The rapidly expanding solar market in the Netherlands, notwithstanding its well-publicized grid constraints, meant the nation supplanted Germany as the EU member state with the highest per capita volume of solar capacity, with 765 W per person, or a fifth of all households according to trade body Holland Solar. Germans had 715 W each, Belgians 596 W, the Maltese 491 W, the Danish 490 W, Greeks 465 W, Estonians 412 W, Luxembourgois 405 W, the Spanish 384 W, and Italians 364 W.
Peering ahead, SolarPower Europe's medium scenario anticipates around 30 GW of solar will be added in the EU next year, even though rising panel prices are set to continue for “several more months,” before returning to more normal levels in the second half of 2022, according to the trade association.
The new German government's decision to double its 2030 solar target to 200 GW will help the EU market recover to 38.5 GW of new solar in 2023, according to the 68-page report, with 44.6 GW expected in 2024 and 49.7 GW the year after. Within those figures for the bloc, Germany will add 47.7 GW of solar out to the end of 2025, with Spain, helped by a “gigantic pipeline under development” and being “probably the world's largest market for subsidy-free solar,” adding 18.9 GW.
The next rising star
The Netherlands could add a thumping 17 GW over the next four years, according to SolarPower Europe, ahead of France (15.1 GW), Poland (9.7 GW), Denmark (8.9 GW), and Italy (7.1 GW). Sweden is expected to add 4.6 GW to 2025, to reach a total 6.3 GW, and the European trade association expects the Irish market to take off, with its current 100 MW of solar expected to be swollen by 2.7 GW over the next four years. Belgium, though, will add only 3.9 GW to the 6.9 GW it has, over the same period, in part because the government has not made enough plans to expand its grid networks.

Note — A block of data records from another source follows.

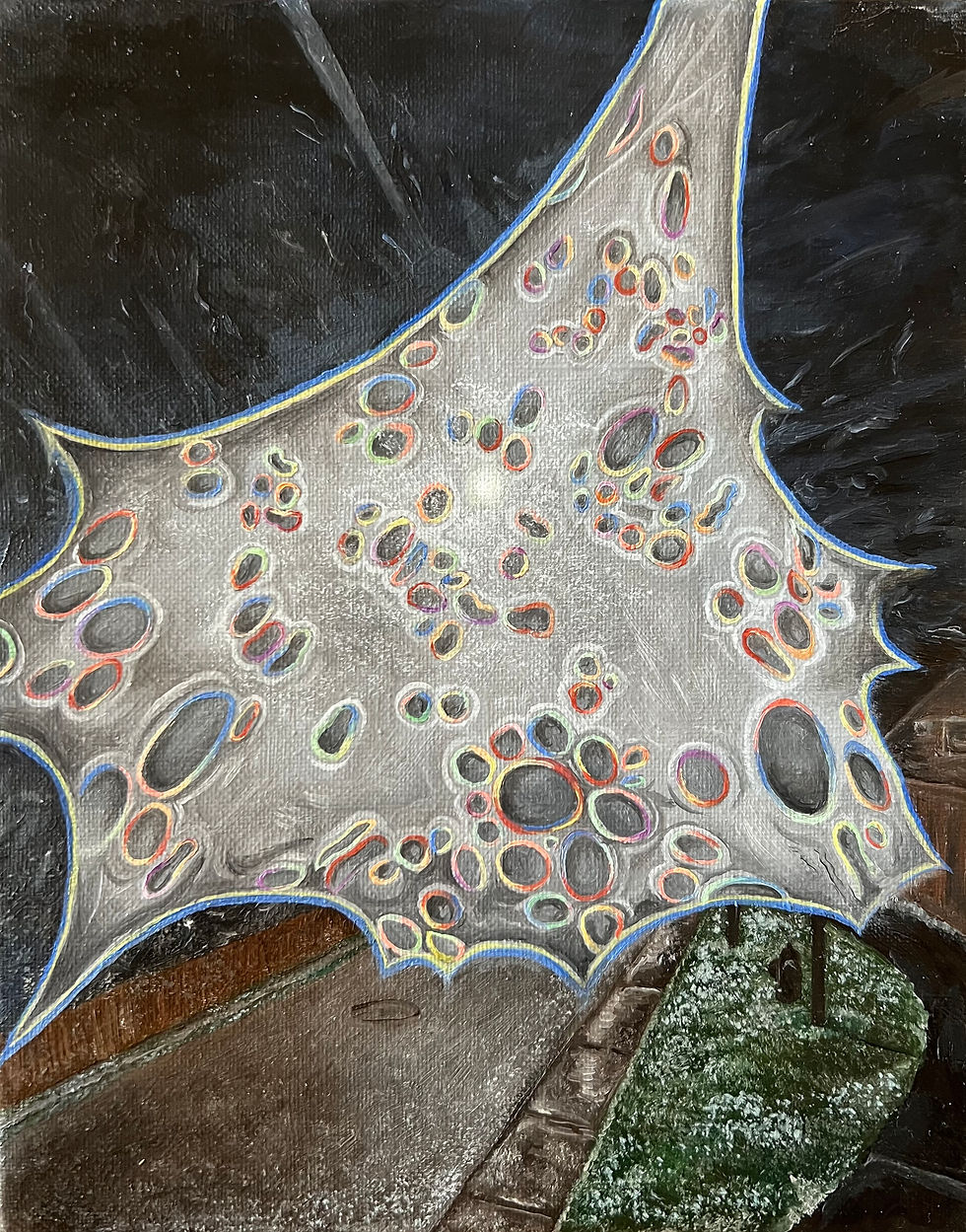 "Snowflake" February 2025. Oil Paint.8x10 While walking at night in the snow, a snowflake fell on the camera lens, creating an organic and surreal reference image
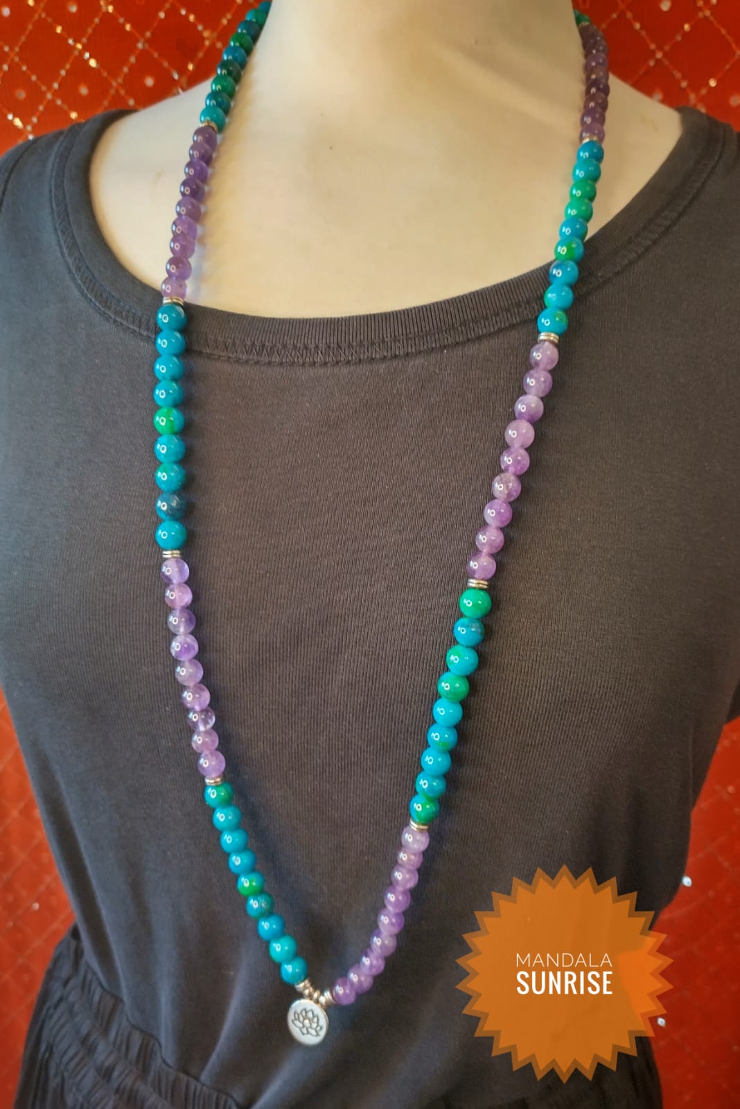 Chrysocolla and amethyst beads with lotus charm. Comes in a velvet bag
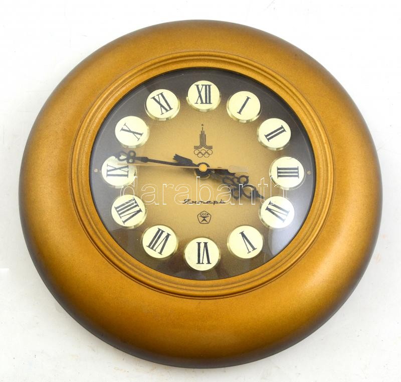 Orosz falióra az olimpiáról, működőképes, jó állapotban, elemmel, d: 2... https://www.darabanth.com/de/370-Fernauktion/370.0/Kunst-Dokumente-andere-Sammelgebiete/Uhren~500009/Orosz-faliora-az-olimpiarol-mukodokepes-jo-allapotban-elemmel-d-27-cm~II2159996
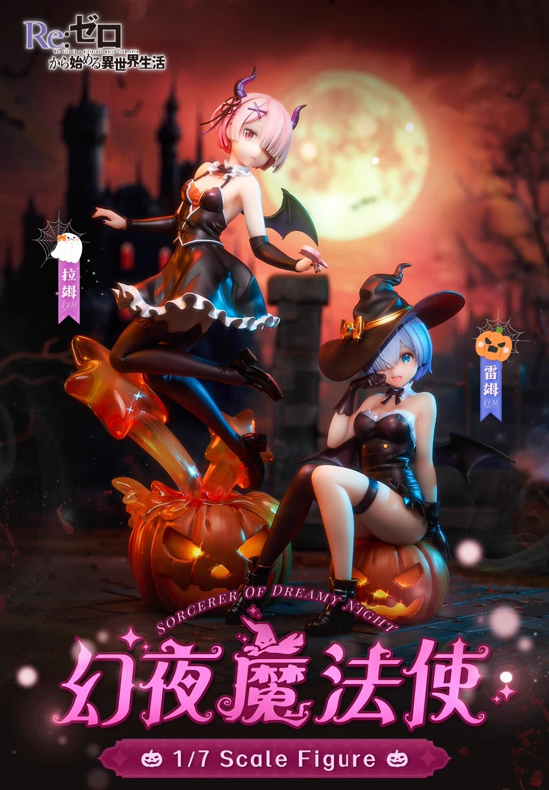 In Stock Re:Zero Starting Life in Another World Ram & Rem Magic Night Magic 1/7 Figure Scenery Action Figure Collection Gift
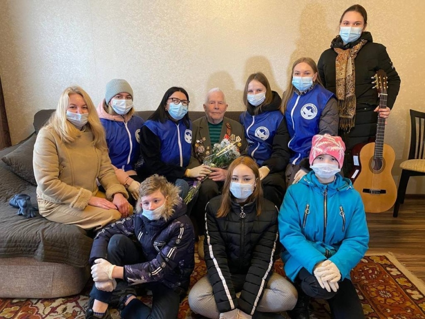 Добровольцы подарили пледы, сладости, цветы и выступили с творческими номерами. Вместе с волонтерами ветеранов пришли поздравить воспитанники первого санаторного детского дома. Они подготовили открытки и подарки своими руками. Вместе с ветеранами волонтеры пели военные песни под гитару.
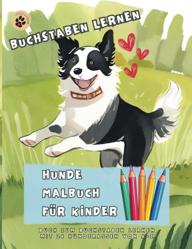 Hunde Malbuch für Kinder | Buch zum Buchstaben lernen mit 26 Hunderassen von A-Z: Von A wie Australian Shepherd bis Z wie Zwergschnauzer - spielerisch lernen mit Hunden

Lack of grid capacity and land continue to be problems in Austria, France, Italy, the Netherlands, and Poland; and Austria and Czechia will also suffer from a lack of solar workers, according to the study. Renewables auction plans should be fleshed out in Croatia and in Portugal, said SolarPower Europe, with the latter expected to hold its next procurement round next month. With permitting troubles again cited in Italy, as well as Spain, Portugal, and France, the report also suggested Ireland's varying local requirements be standardized. And there is rising opposition to big solar in some parts of Spain, as well as in Czechia, where negative perceptions remain of how developers cashed in on over-generous feed-in tariffs in the past. A lack of sufficient finance in Cyprus, which also suffers from having no connection to mainland electric grids, was also mentioned.
Other interesting nuggets from the document included the fact plans to restore lowland and wetland habitats in Denmark, for natural carbon capture purposes, could free up agricultural land for solar; the fact the Netherlands is proposing biodiversity-gain certification for solar parks to combat NIMBY (not-in-my-back-yard) sentiment; and that rising wholesale energy prices in Spain are again burnishing the solar business case. Back in Denmark, local elections last month held up solar projects and, in Poland, an expected fall in small-scale solar from April – when net metering will be replaced by net billing – is set to be counterbalanced by more big projects, starting with a 998 MW clean power auction this month which is expected to be dominated by PV.
SolarPower Europe added, if all its policy wishes are granted, the bloc could add 35.7 GW of solar next year, rising to 65.8 GW in 2025. On the flipside, obstructive policy, trade conflicts, import bans and the like could lead to its low scenario, of 22.2 GW of solar next year, climbing to 32.3 GW in four years' time.